- _Problem_
Ignoring every picture, transcribe the data in full as it stands.

- _Data block_
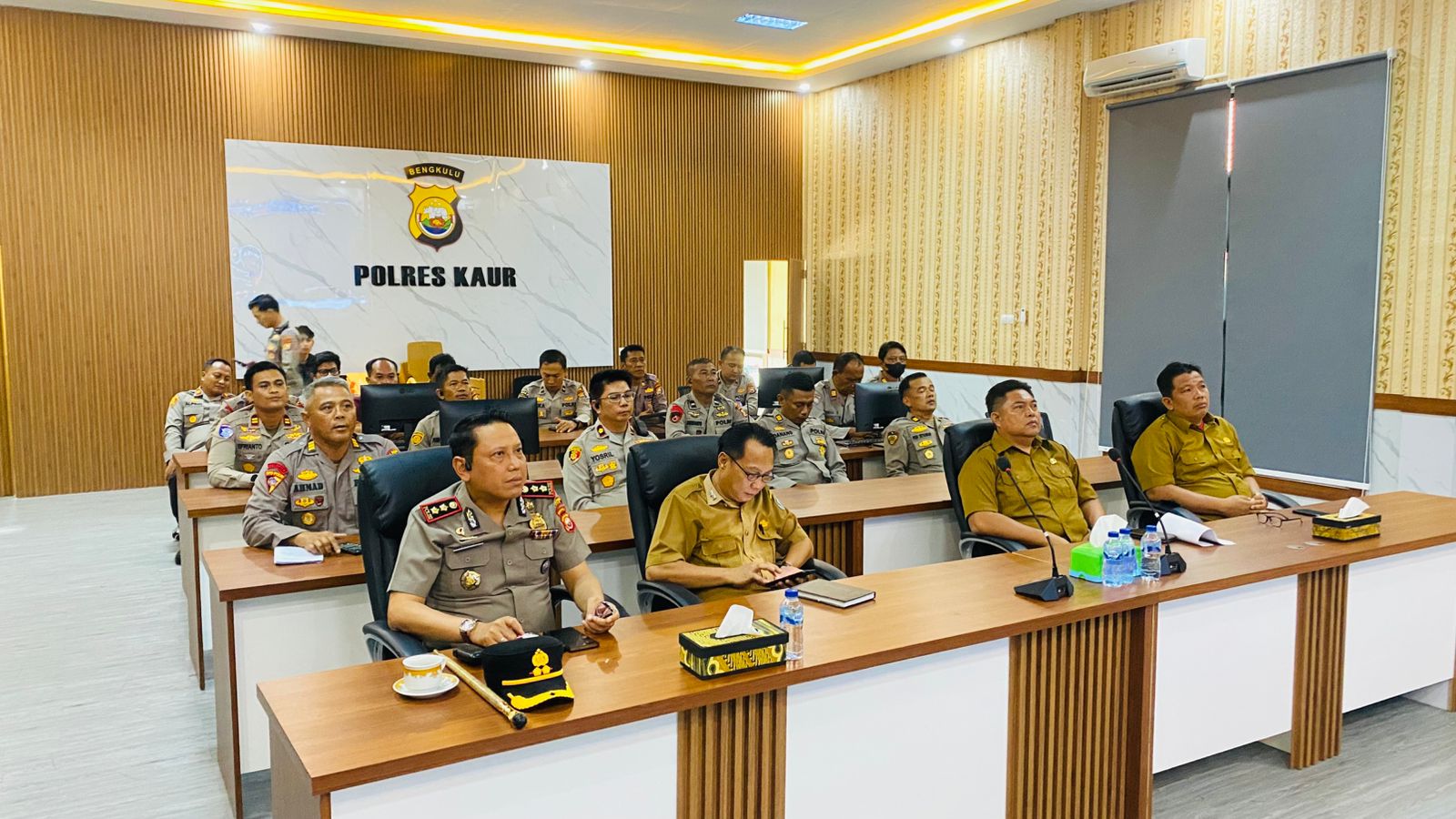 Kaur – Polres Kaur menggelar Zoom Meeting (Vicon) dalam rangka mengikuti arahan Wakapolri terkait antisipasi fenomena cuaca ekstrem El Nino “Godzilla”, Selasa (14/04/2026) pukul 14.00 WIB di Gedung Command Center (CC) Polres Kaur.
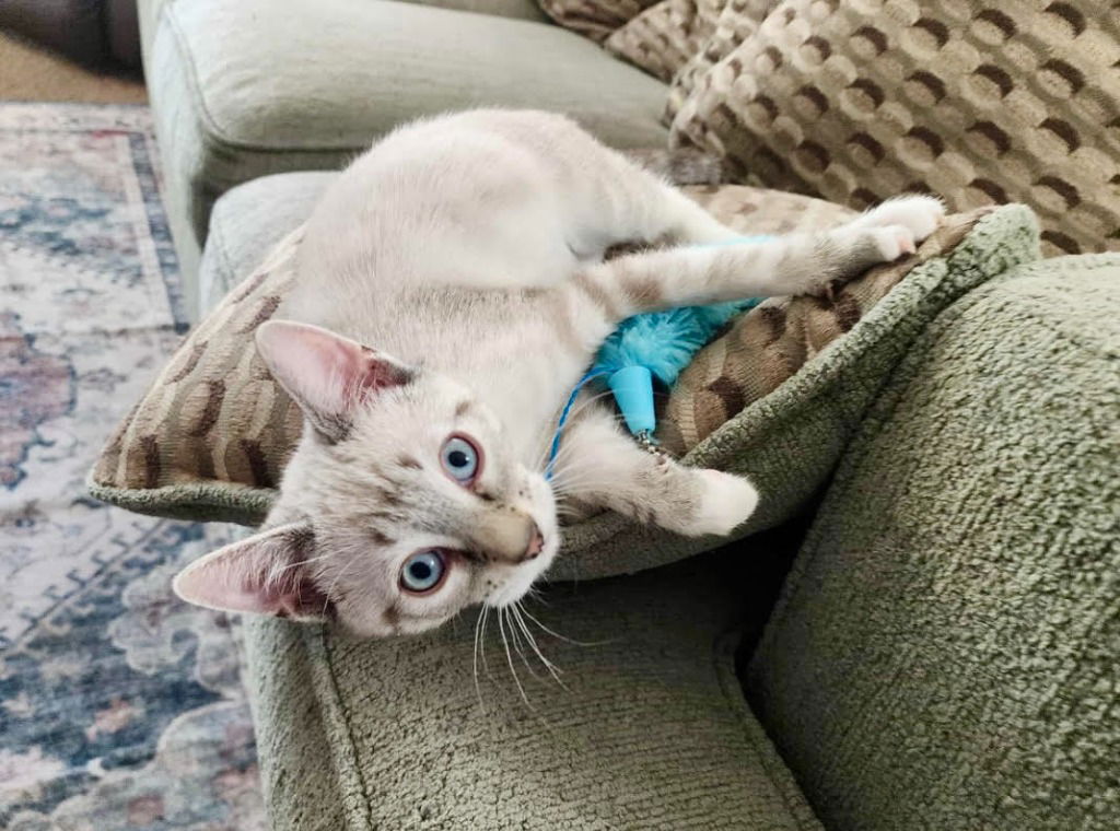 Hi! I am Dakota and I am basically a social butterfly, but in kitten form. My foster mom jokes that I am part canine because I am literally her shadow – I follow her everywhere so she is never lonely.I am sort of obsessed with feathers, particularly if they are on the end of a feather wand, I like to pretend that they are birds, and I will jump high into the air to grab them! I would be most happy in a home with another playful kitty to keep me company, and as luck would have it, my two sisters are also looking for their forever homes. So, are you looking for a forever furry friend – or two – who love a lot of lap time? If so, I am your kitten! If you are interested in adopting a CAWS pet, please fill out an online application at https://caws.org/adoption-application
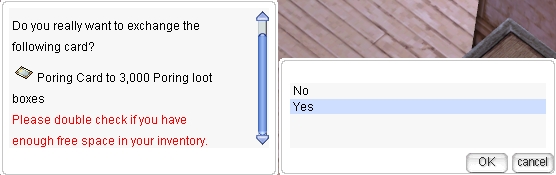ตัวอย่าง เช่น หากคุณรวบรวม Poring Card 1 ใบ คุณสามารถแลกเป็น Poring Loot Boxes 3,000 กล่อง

- _Solution_
 Kaur – Polres Kaur menggelar Zoom Meeting (Vicon) dalam rangka mengikuti arahan Wakapolri terkait antisipasi fenomena cuaca ekstrem El Nino “Godzilla”, Selasa (14/04/2026) pukul 14.00 WIB di Gedung Command Center (CC) Polres Kaur.
 Hi! I am Dakota and I am basically a social butterfly, but in kitten form. My foster mom jokes that I am part canine because I am literally her shadow – I follow her everywhere so she is never lonely.I am sort of obsessed with feathers, particularly if they are on the end of a feather wand, I like to pretend that they are birds, and I will jump high into the air to grab them! I would be most happy in a home with another playful kitty to keep me company, and as luck would have it, my two sisters are also looking for their forever homes. So, are you looking for a forever furry friend – or two – who love a lot of lap time? If so, I am your kitten! If you are interested in adopting a CAWS pet, please fill out an online application at https://caws.org/adoption-application
ตัวอย่าง เช่น หากคุณรวบรวม Poring Card 1 ใบ คุณสามารถแลกเป็น Poring Loot Boxes 3,000 กล่อง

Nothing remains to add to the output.